Bir hamle ile döndürüyorum kendimi. Bu düşüş hoşuma gitmeye başlıyor o andan itibaren. Bağırıyorum olanca gücümle, gözyaşlarımla ıslanmış histerik kahkahalar atıyorum. Ellerimi birleştiriyorum, adeta bir füze gibi iniyorum aşağıya. Füze isen çakılma olasılığını da göze almalısın. Bu düşünce aklımdan geçer geçmez karanlık ve buz gibi bir suyun tam da orta yerine çakılıyorum. Birisi çekmeyi bırakıyor beni, “Yüz burada!” diyor herhalde. Affedersin göt kadar yerde nasıl yüzeceksem! Sahi nasıl yüzeceğim? Bu aklıma gelince sudan ne kadar korktuğum da aklıma geliyor, debelenmeye başlıyorum suyun içinde, o daracık kanalda bin bir zorlukla ters dönüyorum, suyun üzerine çıkarıyorum sonunda kafamı. Bir süre çırpındıktan sonra ise salaklığımı fark ediyorum, bir de bakıyorum ki aslında batmıyorum. Herhalde burada daha hafif çekiyorum. Su kaldırıyor beni, şefkatli kolları ile adeta bir anne gibi sarıp sarmalıyor. Tam gözlerimi kapatıp kendimi bırakacakken bu sefer suyun içinden yine aşağı doğru hem çekilip hem de döndürülüyorum; suları yararak ilerliyor, girdap oluşturuyorum. Düşüyorum, dönüyorum, debeleniyorum, düşüyorum, dönüyorum, debeleniyorum, en sonunda yine bırakıyorum kendimi. Su ile “O” çekip çeviriyor beni ve en sonunda nihayet duruyorlar. Sanki ayaklarım yere basıyor şimdi, ılık bir suyun içindeyim, suda gözlerimi açabiliyorum, suyun burnuma, kulaklarıma ve bilumum diğer deliklerime dolmasına takılmıyorum. Nasıl oluyor da ayaklarım yere değiyor? Her şeyin bir sonu olduğu gibi eksi sonsuzun da bir sonu vardı demek ki. Birden ne kadar uzun zamandır suyun içerisinde olduğumu hatırlıyorum, hatırladığım an ise boğulduğumu hissediyorum; Tanrım nefes almayı unutmuşum! Ağzımı açıyorum ve suyu istemsizce yutmaya başlıyorum. Ve artı sonsuzun yarısında saplandığım o suyun hepsini bir yudumda içiveriyorum.

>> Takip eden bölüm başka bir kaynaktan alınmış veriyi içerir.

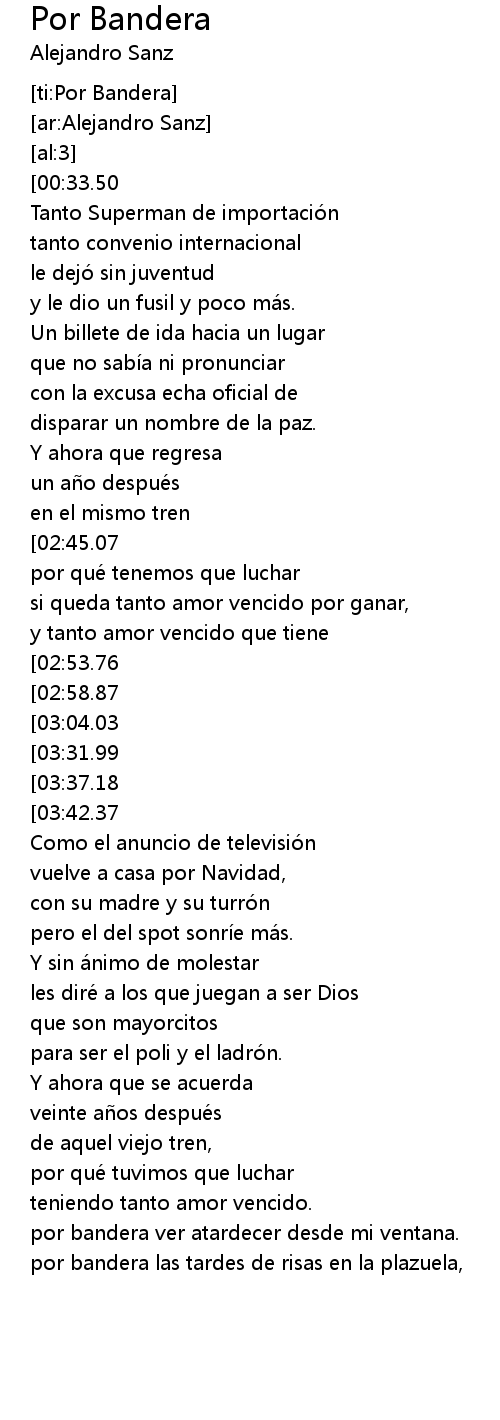 | [01:32.12][03:31.99] | por bandera ver atardecer |

Tahta bir zemindeyim artık, üzerimden sular süzülüyor, gözlerim yanıyor, karnım şiş, üşüyorum, üşüyorum, sarıl bana üşüyorum! Tam da önümde, yerde bir kum saati duruyor, yavaşça akmayı sürdürüyor kumlar. Zaman dolunca ne olacak? Titremeye başlıyorum, hem korkudan hem soğuktan hem de ıslaklığımdan. Kumlar tükenmek üzere, son kum tanesi de yer çekimine yenik düşmekte. Ve zaman doluyor, ilk önce aşağıya düşen son kum tanesi patlıyor, ardından kum saati sonra bedenim en sonunda da tahta zemin ve ben yine düşüyorum.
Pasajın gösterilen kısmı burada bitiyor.